───── MATERIAL SHOWN

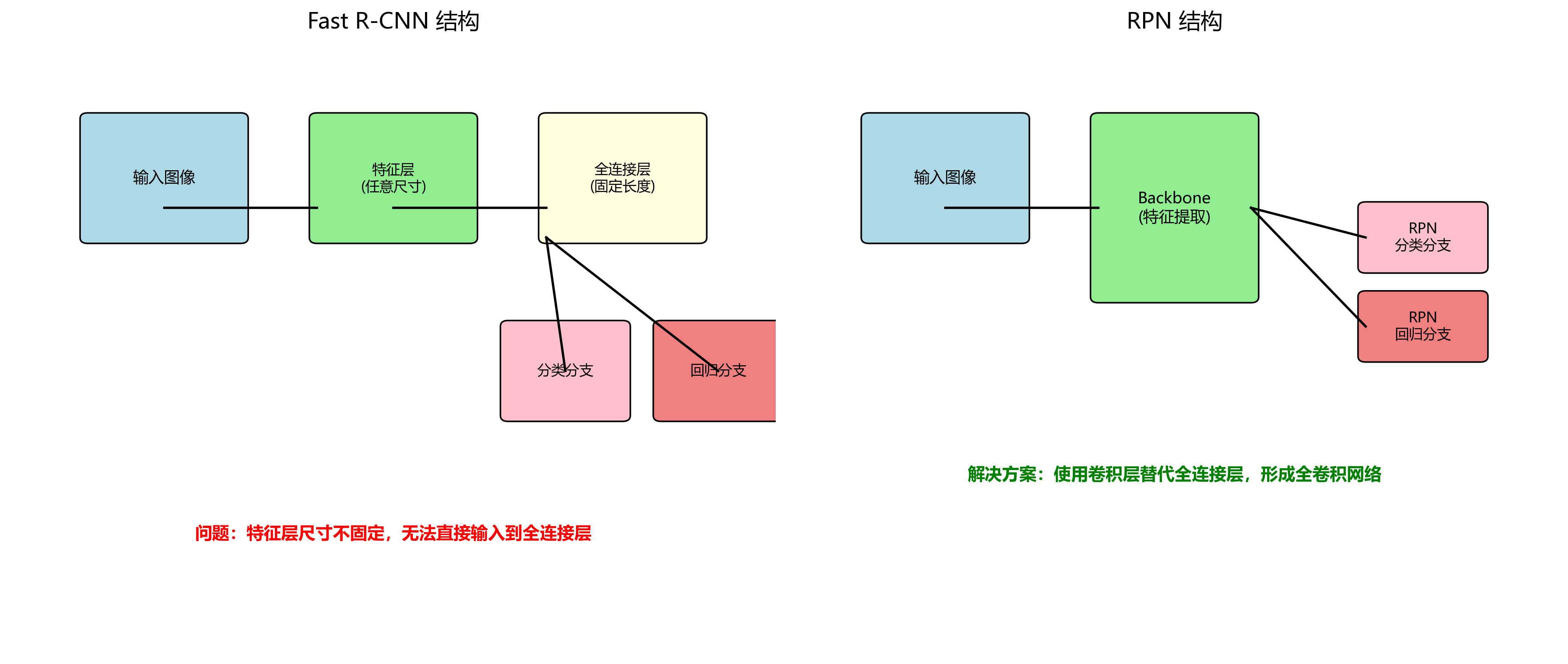 于是,可将候选区域的生成看成是二分类问题+回归问题。Fast R-CNN分类分支+回归分支的输入是固定长度的特征向量,分类子网络和采用回归子网络均采用全连接层。这种方法不适用于生成候选区域,原因是:输入图像任意尺寸,得到的特征层也是任意的,特征的维度不是固定的。为解决这种问题,RPN的分类分支和回归分支均采用卷积层,于是RPN是全卷积网络(backbone+分类子网络+回归子网络)
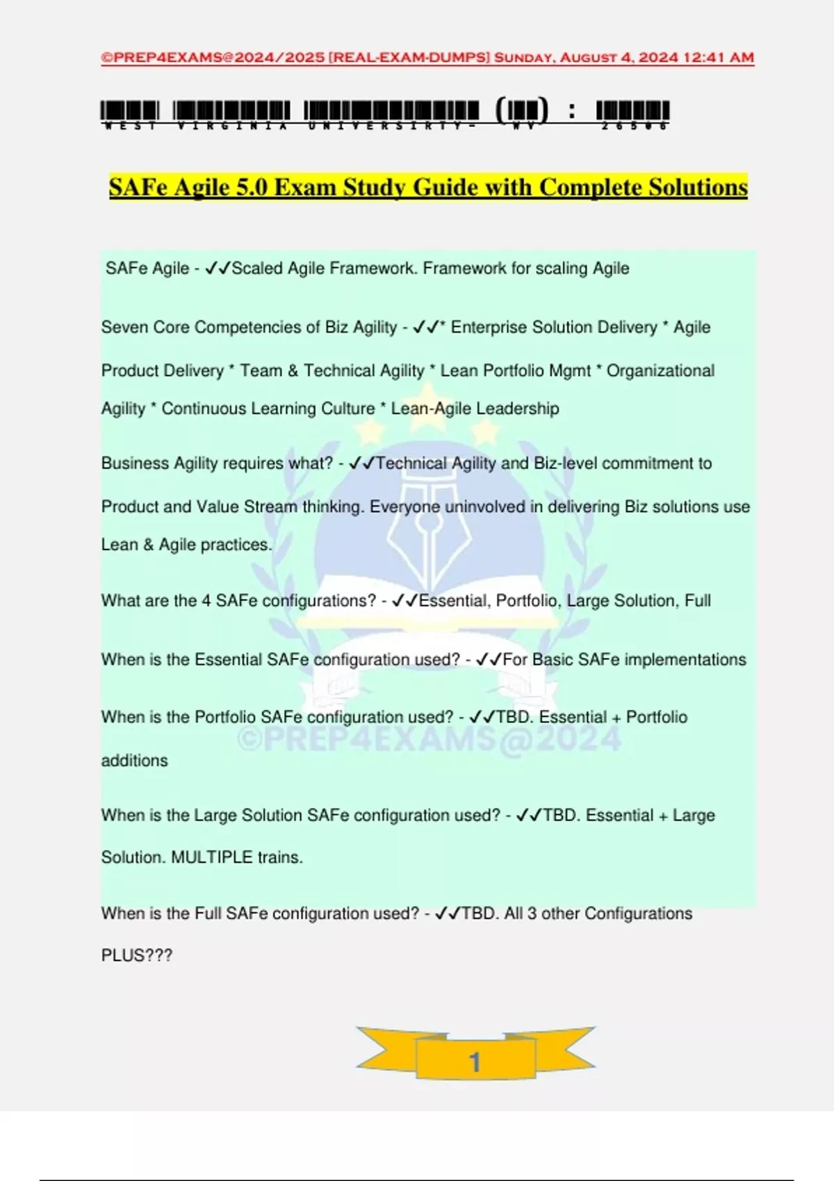 SAFe Agile 5.0 Exam Study Guide with Complete Solutions
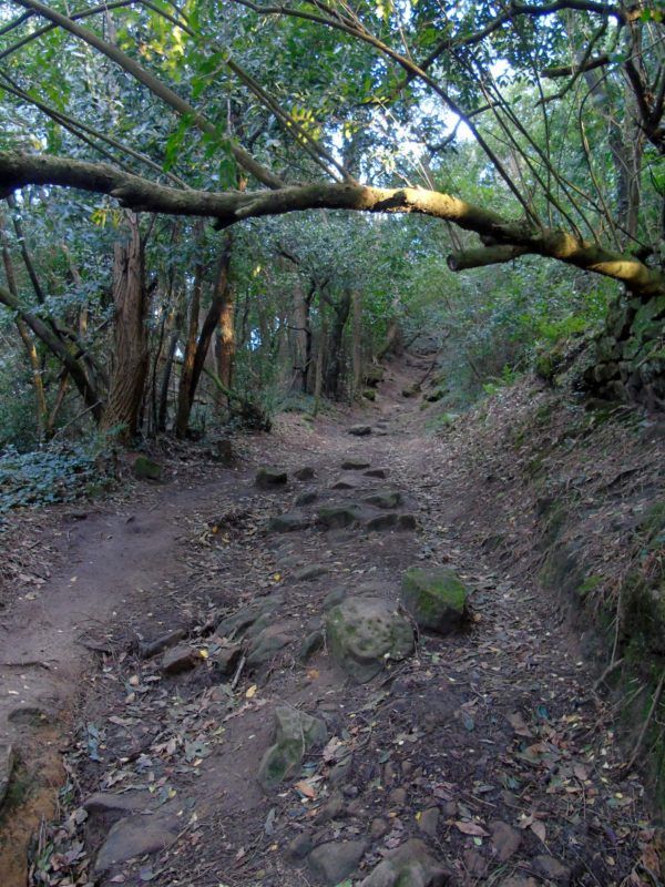 Tras llegar a un panel informativo en un cruce de caminos tomamos hacia abajo la senda que nos lleva por un puentecito de madera a un nuevo cruce. Por la derecha veremos una cuesta a modo de bóveda natural formada por los árboles y por ahí seguimos…
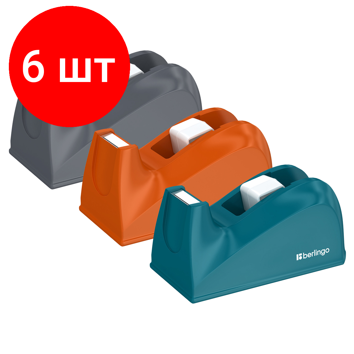 Купить Комплект 6 шт, Диспенсер настольный Berlingo для канцелярской клейкой ленты, ассорти
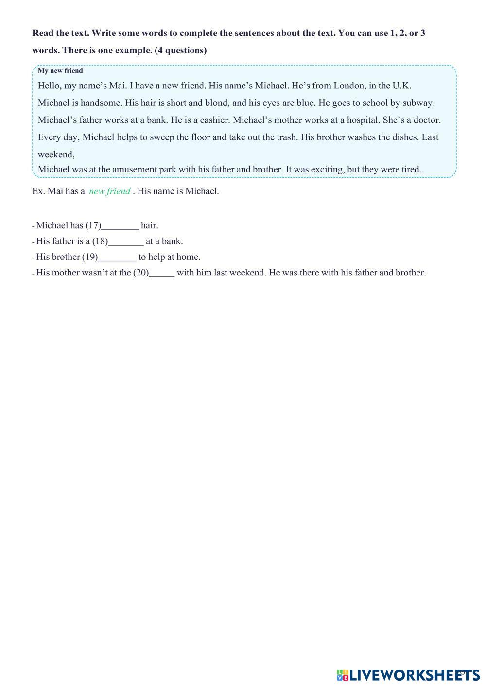 Created byThai Tra English Language Elementary 4th grade Reading Comprehension English Author's Instructions fyi My Google Classroom Courses × 0 classes selected (0 students total) Quick Access Select all classes (0 classes) All Classes Loading courses... Cancel Share Share to selected Course __COURSE_NAME__ __STUDENT_NAME__ (__STUDENT_EMAIL__) ilearn smart art G4 semester 2 Download Worksheet Validation Check my answers Emails my answers to my teacher Full name Group/level School subject Teacher's email or key code Close Submit Validating worksheet... (12) Your answers have been sent to your teacher. Good luck! OK We encountered an error submitting your answers. Please try again. OK Advertisement | Go Ad Free Created byThai Tra English Language Elementary 4th grade Reading Comprehension English Author's Instructions fyi Explore Worksheets نصوص بيرلز الأدبية حياة حسان English Language 4th grade نصوص بيرلز الأدبية حياة حسان Reading Comprehension - English Language نصوص بيرلز الأدبية حياة حسان النصوص العلمية بيرلز الحوت الأزرق English Language 4th grade النصوص العلمية بيرلز الحوت الأزرق Reading Comprehension - English Language النصوص العلمية بيرلز الحوت الأزرق نص بيرلز ميكي ماوس الصحراء English Language 4th grade نص بيرلز ميكي ماوس الصحراء Reading Comprehension - English Language نصوص بيرلز الأدبية نصوص أدبية بيرلز زهور على سطح المنزل English Language 4th grade نصوص أدبية بيرلز زهور على سطح المنزل Reading Comprehension - English Language نصوص أدبية بيرلز زهور على سطح المنزل

──────────

TASK STATEMENT:
Nothing but the lines from the top of the data above through the line containing "Купить Комплект 6" should be output, exactly as written and without the pictures.

WRITTEN REPLY:
 于是,可将候选区域的生成看成是二分类问题+回归问题。Fast R-CNN分类分支+回归分支的输入是固定长度的特征向量,分类子网络和采用回归子网络均采用全连接层。这种方法不适用于生成候选区域,原因是:输入图像任意尺寸,得到的特征层也是任意的,特征的维度不是固定的。为解决这种问题,RPN的分类分支和回归分支均采用卷积层,于是RPN是全卷积网络(backbone+分类子网络+回归子网络)
 SAFe Agile 5.0 Exam Study Guide with Complete Solutions
 Tras llegar a un panel informativo en un cruce de caminos tomamos hacia abajo la senda que nos lleva por un puentecito de madera a un nuevo cruce. Por la derecha veremos una cuesta a modo de bóveda natural formada por los árboles y por ahí seguimos…
 Купить Комплект 6 шт, Диспенсер настольный Berlingo для канцелярской клейкой ленты, ассорти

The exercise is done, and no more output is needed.